Solve by factoring:

10t^2 – t − 2 = 0

10t^2 - t - 2 = 0.

Use the AC Method:
A*C = 10*(-2) = -20 = -5*4.
Select the pair of factors whose sum = -1:
10t^2 - 5t+4t - 2 = 0,
Form 2 factorable pairs by grouping:
(10t^2-5t) + (4t-2) = 0,
Factor each binomial:
5t(27-1) + 2(2x-1) = 0,
(2t-1)(5t+2) = 0,

2t-1 = 0,
2t = 1,
t = 1/2.

5t+2 = 0,
5t = -2,
t = -2/5.

Solution Set: t = 1/2, and-2/5.

Correction:

5t(27-1) should be 5t(2t-1).

All variables should be t and NOT x.

To solve the quadratic equation 10t^2 – t – 2 = 0 by factoring, we need to find two binomials whose product is equal to the given quadratic equation.

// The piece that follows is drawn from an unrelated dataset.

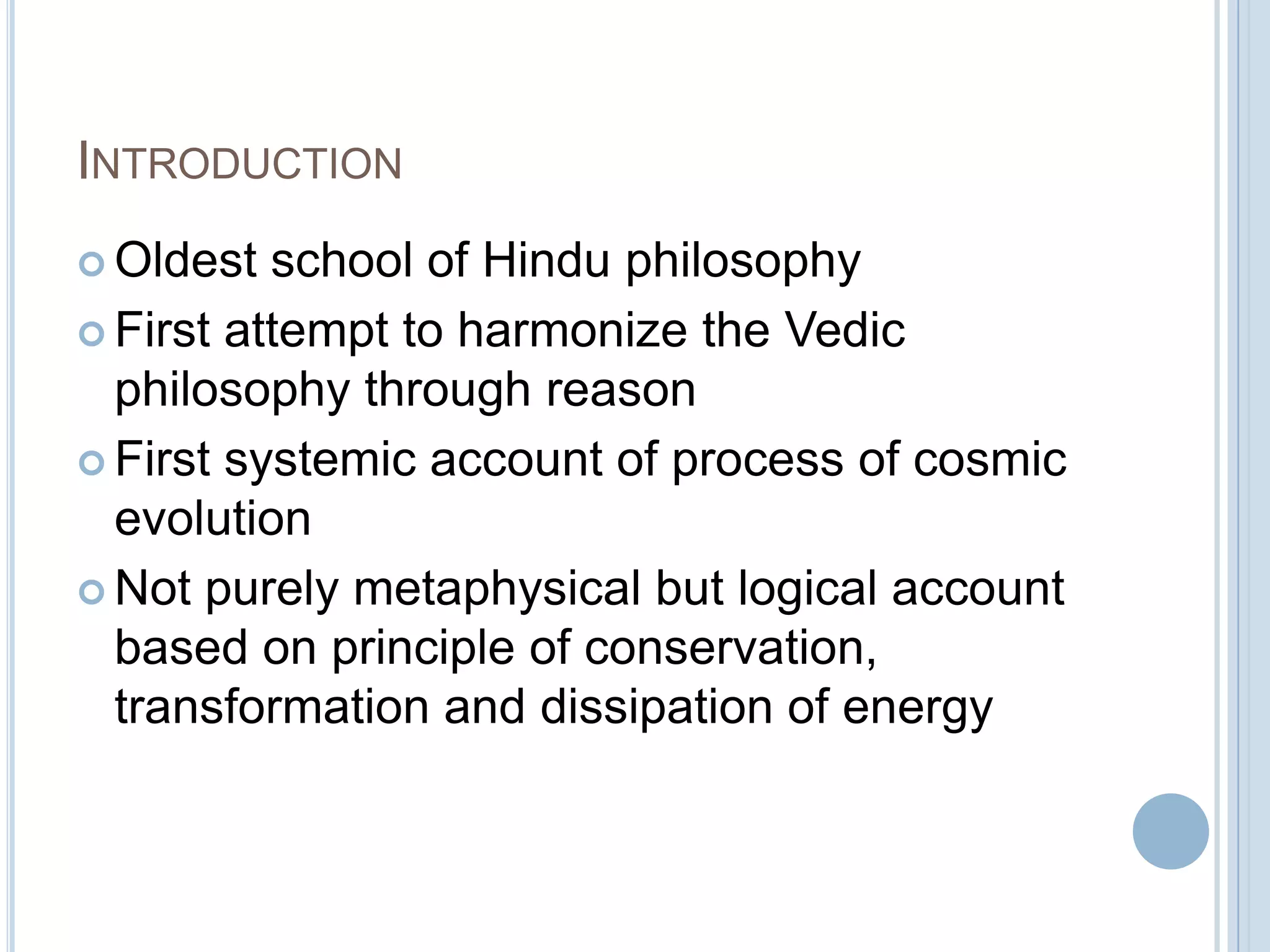 The Sankhya philosophy is one of the oldest schools of Hindu philosophy that sought to explain the process of cosmic evolution through rational analysis and principles of energy transformation. It was founded by Kapila around 1000 BC and enumerates twenty-five principles or categories by which the universe evolves from a primordial state through stages of increasing complexity. Key aspects of Sankhya include the distinction between purusha (consciousness) and prakriti (matter), the three gunas (qualities) that characterize prakriti, and the evolution of the cosmos from subtle elements to grosser ones and its eventual dissolution back to an unmanifest state.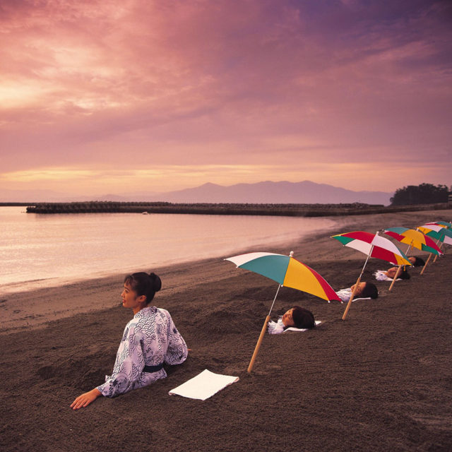 浜辺に横たわり、湧き出す温泉で温められた砂をかぶせる、世界的にも珍しい指宿の「砂むし温泉」。きりきず、末梢循環障害、冷え性、うつ状態、皮膚乾燥症などに効能があるといわれ、極上のリラクゼーションを味わうことができます。

Step 1: Multiply the coefficient of the quadratic term (10) with the constant term (-2). This gives us -20.

Step 2: We need to find two numbers that multiply to give -20 and add up to the coefficient of the linear term (-1). The numbers -5 and 4 satisfy this condition since (-5) * 4 = -20 and (-5) + 4 = -1.

Step 3: Rewrite the middle term (-t) using the two numbers (-5 and 4) as coefficients. This gives us 10t^2 - 5t + 4t - 2 = 0.

Step 4: Group the terms and factor by grouping. We group the first two terms and the last two terms:
(10t^2 - 5t) + (4t - 2) = 0
5t(2t - 1) + 2(2t - 1) = 0

Step 5: Notice that the terms (2t - 1) appear in both groups. Factor out (2t - 1):
(2t - 1)(5t + 2) = 0

Step 6: Set each factor equal to zero and solve for t:
2t - 1 = 0 or 5t + 2 = 0

Step 7: Solve the equations:
2t = 1 or 5t = -2
t = 1/2 or t = -2/5

Therefore, the solutions to the quadratic equation 10t^2 – t – 2 = 0 are t = 1/2 and t = -2/5.